Within the entries below, please return exactly the lines from the one with "A também candidata" through the one with "1973-1974 GMC Truck", leaving out any pictures.

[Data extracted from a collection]
§

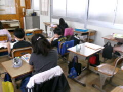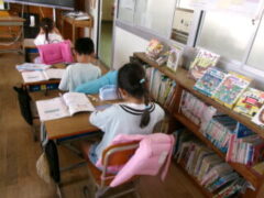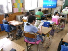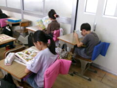 4年生は図書室で本の借り換えをして、教室でとても静かにして本を読んでいました。
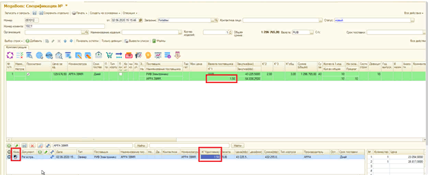 При выборе предложения поставщика в строку, если в Карточке Заказчика(покупатель) и Карточке поставщика заблаговременно были сохранены значения К1 и К2, значение Цена (ddp) автоматически пересчитается с учетом данных К1 и К2.
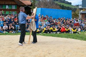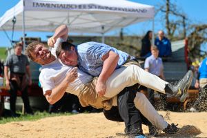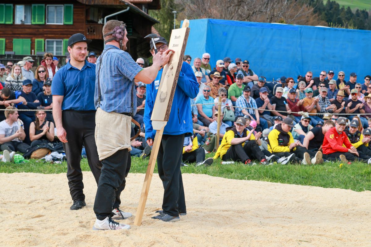 Sehr viele Zuschauer genossen das schöne und warme Frühlingswetter in Zäziwil mit spannenden Gängen und guter Festwirtschaft. Der Schlussgang gewinnt der Einheimische Michael Moser nach nur 59 Sekunden mit Innerem Hacken und Nachdrücken gegen den Truber Thomas Wüthrich.
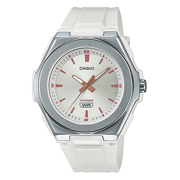 ồng hồ nữ phong cách thể thao–trẻ trung, sử dụng máy quartz bền bỉ, vỏ và dây nhựa nhẹ, chống nước 100 m, phù hợp đeo hằng ngày hoặc hoạt động ngoài trời. Mặt số lớn, dễ xem giờ, kết hợp viền kim loại giúp tổng thể vừa năng động vừa thanh lịch.
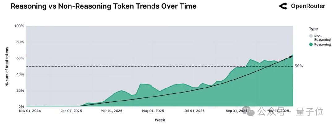 年初时,模型使用推理的Token用量还可以忽略不计,但现在已经超过50%。
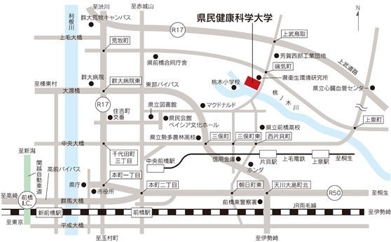 JR「前橋駅」北口6番乗り場、永井バス「荻窪公園」または「小坂子」行き、「県民健康科学大学前」で下車(約15分)
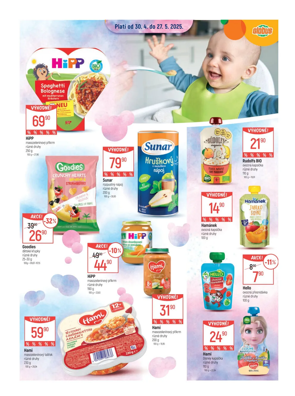 V letáku obchodu Globus najdete širokou nabídku výhodných produktů, které potěší celou rodinu. Od 30. dubna do 27. května 2025 si můžete zakoupit bio spaghetti bolognese, masozeleninové příkrmy značky Hipp a Hami v různých druzích. Děti si přijdou na své s křupkami Goodies a ovocnými kapsičkami Hamánek. Nezapomeňte také na rozpustný nápoj Sunar a chutné příkrmy pro nejmenší. Všechny produkty jsou za skvělé ceny, takže neváhejte a navštivte nás!
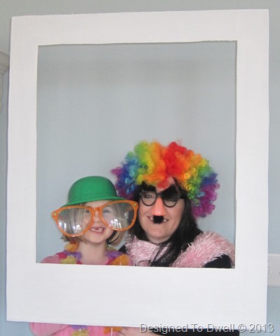 After lunch, we played around with the photo booth a little bit. To make the polaroid looking frame, I cut out a piece of cardboard to the shape & painted it white. Then we hung it from the ceiling using thumb tacks & fishing wire. I grabbed a basket & tossed in all the props I could find around the house.
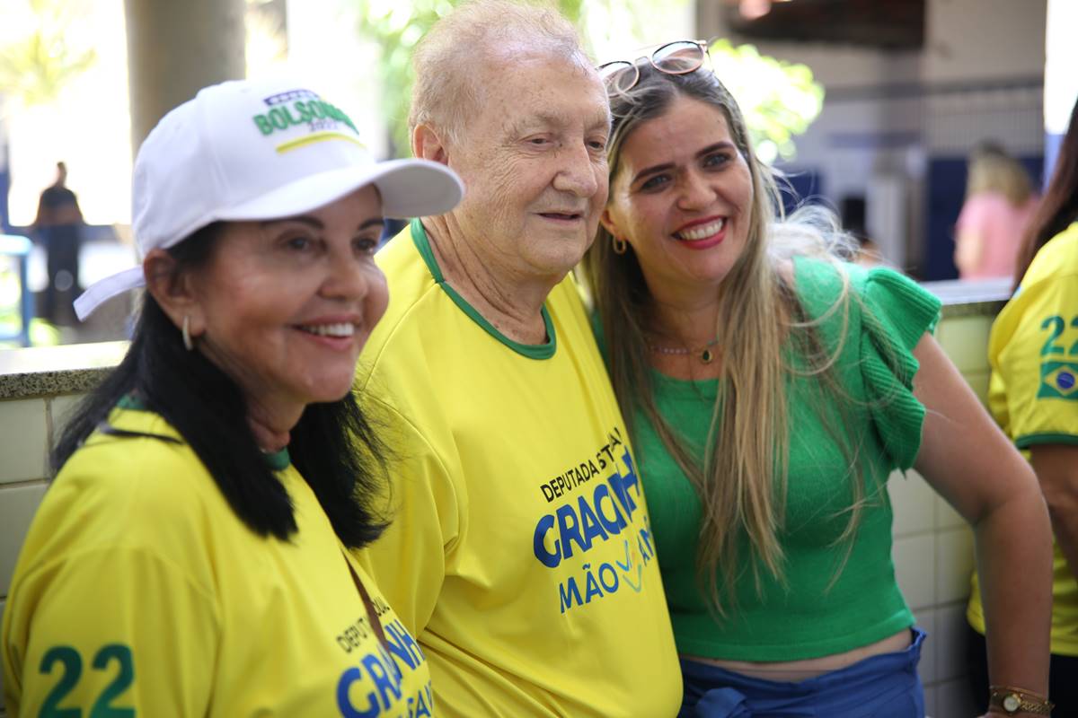 A também candidata a deputada estadual, Gracinha Mão Santa, chegou próximo às 13h. Acompanhada do marido Márcio Nunes e da filha mais nova Beatriz, Gracinha cumprimentou eleitores e também registrou seu voto, na mesma sessão onde seu pai, minutos antes comparecera.
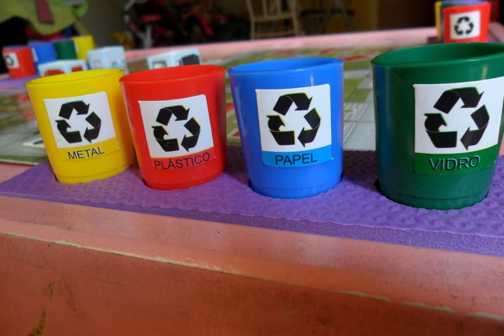 16 latões de lixo de plástico colorido : Amarelo=Metal ; Vermelho=Plastico; Verde=Vidro ; Azul=Papel
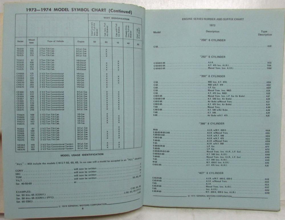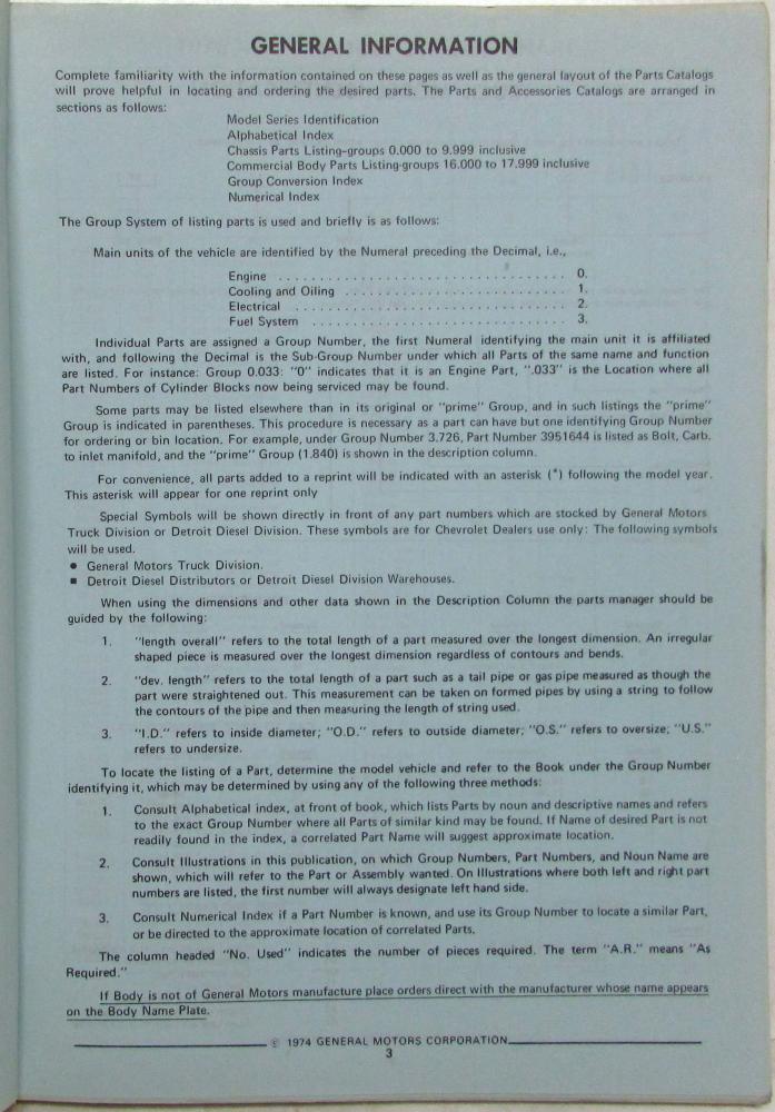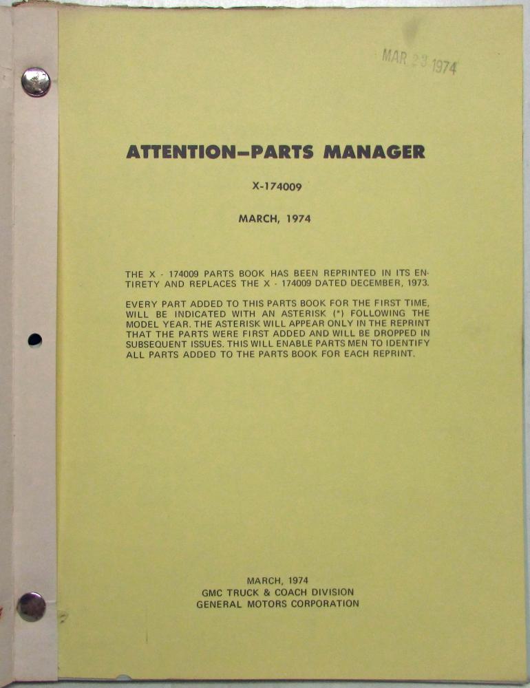 1973-1974 GMC Truck Parts Book for Series 50-60-65 Trucks.
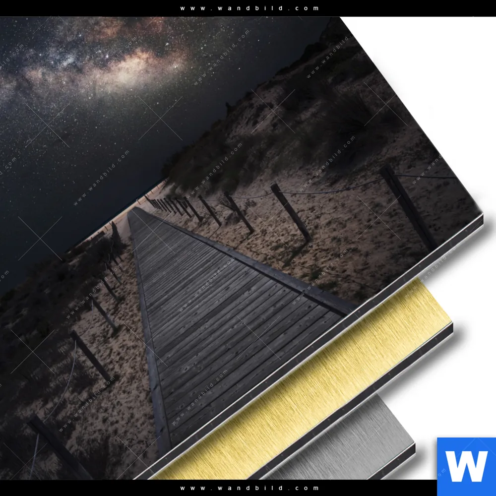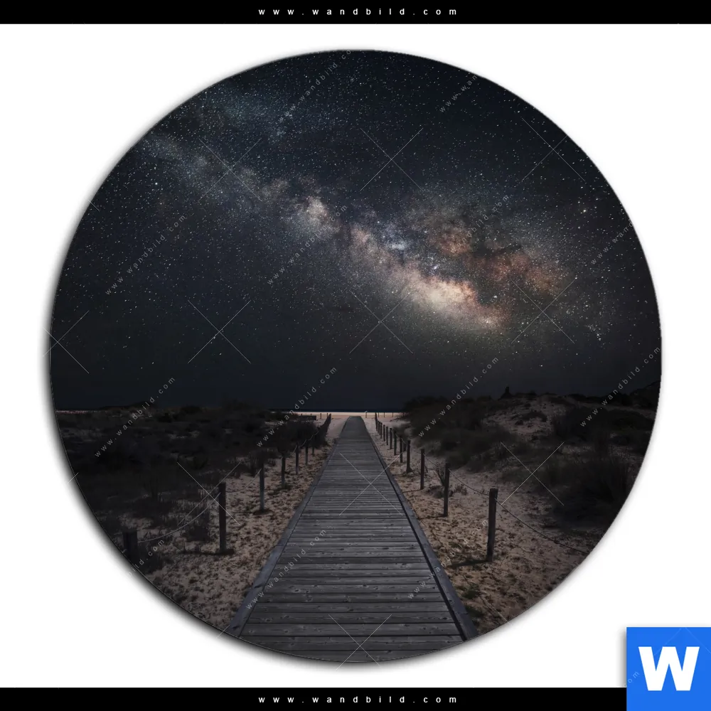 Alu-Dibond Bild | Milchstraße über einem Holzweg | Rund
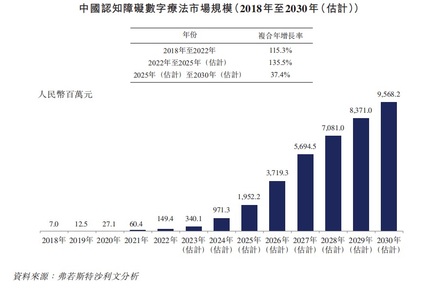 According to Frost & Sullivan data, in 2022, the global market size of digital therapies for cognitive disorders reached 2.1 billion U.S. dollars, and is expected to increase to 4.2 billion U.S. dollars by 2025 and 7.0 billion U.S. dollars by 2030, with compound annual growth rates of 25.5% and 10.7% respectively Among them, China has greater growth potential: in 2022, the market size of cognitive impairment digital therapy in China reached RMB 149.4 million, and is expected to increase to RMB 1,952.2 million by 2025 and RMB 9,568.2 million by 2030, with compound annual growth rates of 135.5% and 37.4% respectively.
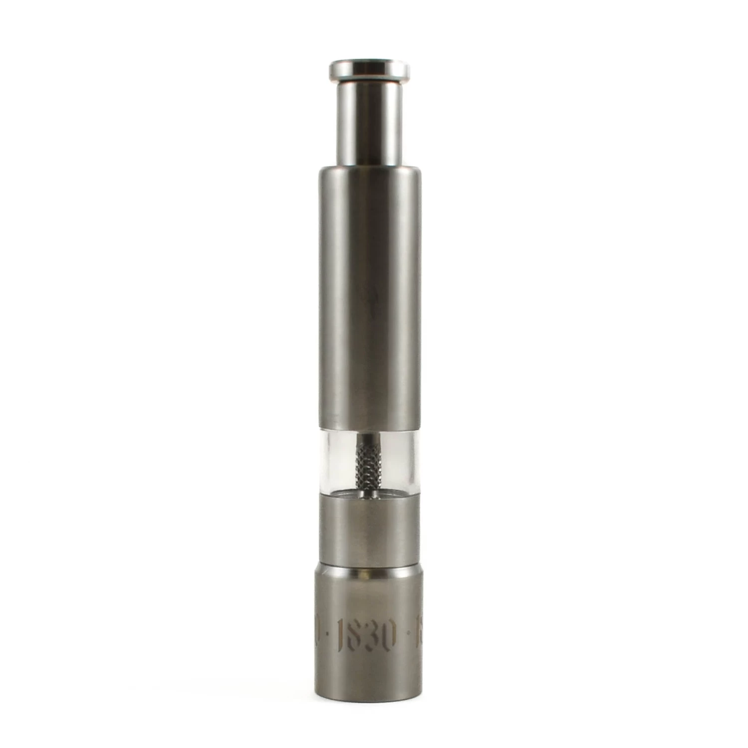 The Maison Bremond stainless steel push pepper grinder is an elegant and practical addition to your kitchen. Ideal for cooking, this sleek pepper grinder has a push mechanism that means there is no need for batteries. Simply press down the top for finely ground pepper.
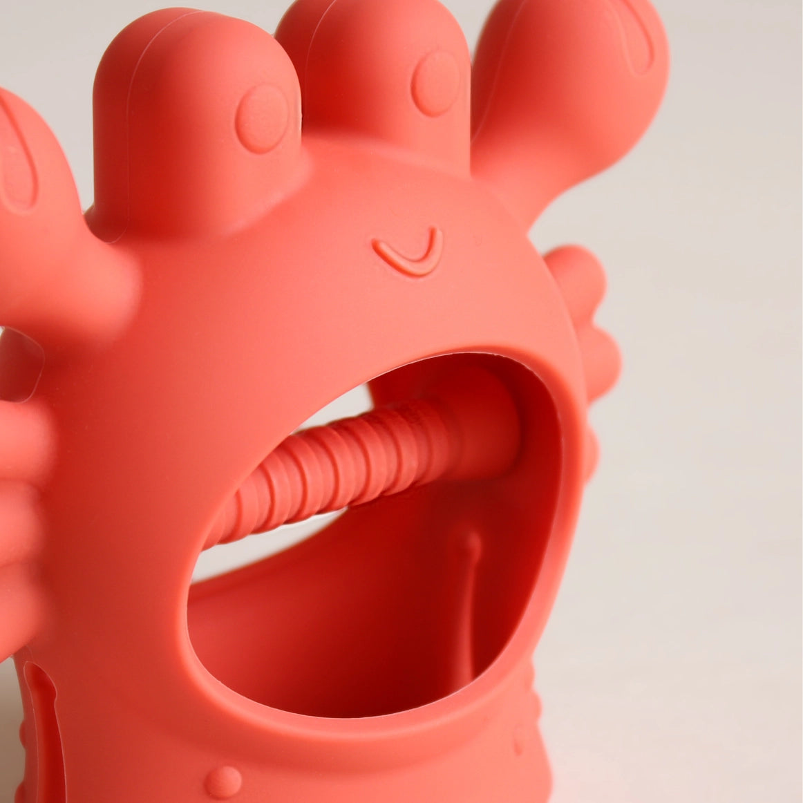 Chew on this! Relief is at hand! Our Bitzy Grip developmental teether is designed for baby’s natural grasp reflex. Multiple textures and soft flexible silicone provide relief to sore gums at all stages of teething. Features - Soft silicone similar to pacifiers & nipples - Free of PVC; teether BPA free - Easy to grasp - Multiple textures
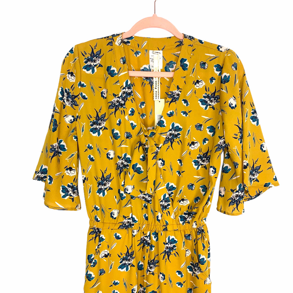 Uncle Frank Mustard Floral Elastic Waist Side Slit Hem Jumpsuit NWT- Size XS
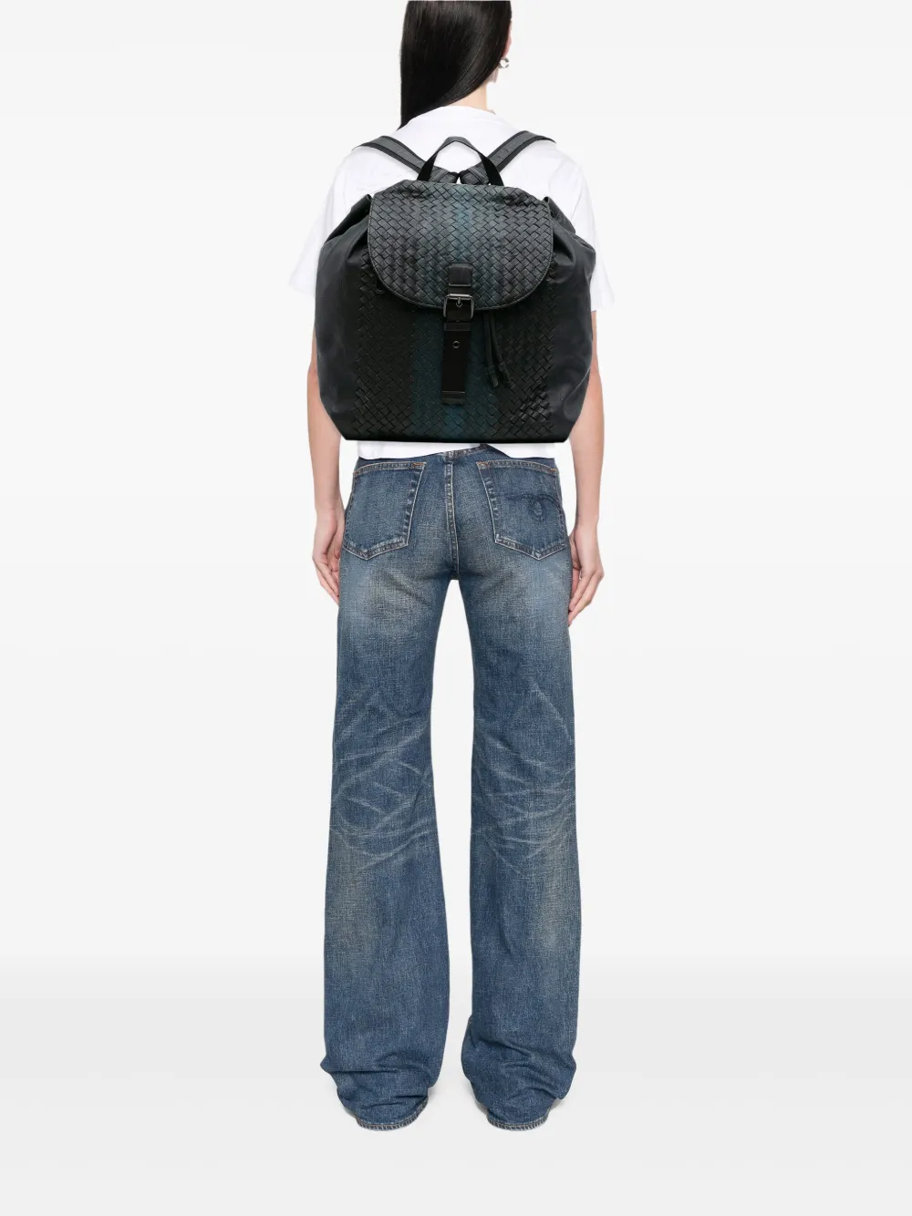 - front woven leather flap with buckle and drawstring closure

§

REPLY →
 A também candidata a deputada estadual, Gracinha Mão Santa, chegou próximo às 13h. Acompanhada do marido Márcio Nunes e da filha mais nova Beatriz, Gracinha cumprimentou eleitores e também registrou seu voto, na mesma sessão onde seu pai, minutos antes comparecera.
 16 latões de lixo de plástico colorido : Amarelo=Metal ; Vermelho=Plastico; Verde=Vidro ; Azul=Papel
 1973-1974 GMC Truck Parts Book for Series 50-60-65 Trucks.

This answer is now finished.